In contrast to Vietnam’s positive outlook, the ADB has trimmed its forecasts for economic growth in developing Asia this year and next year as growth in China and India is weighed down by both external and domestic factors.
ADB now expects GDP in the region to expand 5.2% in both 2019 and 2020, down from the September forecast of 5.4% growth this year and 5.5% next year.
“While growth rates are still solid in developing Asia, persistent trade tensions have taken a toll on the region and are still the biggest risk to the longer-term economic outlook. Domestic investment is also weakening in many countries, as business sentiment has declined,” said ADB Chief Economist Yasuyuki Sawada. “Inflation, on the other hand, is ticking up on the back of higher food prices, as African swine fever has raised pork prices significantly.”
The supplement forecasts inflation of 2.8% in 2019 and 3.1% in 2020, up from the September prediction that prices would rise 2.7% this year and next.
In East Asia, growth in the China is now expected at 6.1% this year and 5.8% next year due to trade tensions and a slowdown in global activity coupled with weaker domestic demand, with family wallets being hit by pork prices that have doubled relative to a year ago. Growth could accelerate, however, should the US and China come to an agreement on trade, the report says. In September, ADB forecast GDP growth of 6.2% in 2019 and 6.0% in 2020.
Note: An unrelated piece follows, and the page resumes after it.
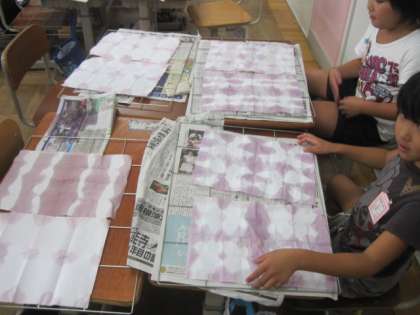 「どんな色が出るかな?」「どんな模様になるんだろう?」と,子ども達は興味津々。

In South Asia, India’s growth is now seen at a slower 5.1% in fiscal year 2019 as the foundering of a major nonbanking financial company in 2018 led to a rise in risk aversion in the financial sector and a credit crunch. Also, consumption was affected by slow job growth and rural distress aggravated by a poor harvest. Growth should pick up to 6.5% in fiscal year 2020 with supportive policies. In September, ADB forecast India’s GDP to grow 6.5% in 2019 and 7.2% in 2020.
In Southeast Asia, many countries are seeing continued export declines and weaker investment, and growth forecasts have been downgraded for Singapore and Thailand. GDP growth is expected to slow in the Pacific with activity in Fiji, the sub-region’s second largest economy after Papua New Guinea, expected to be more subdued than previously anticipated.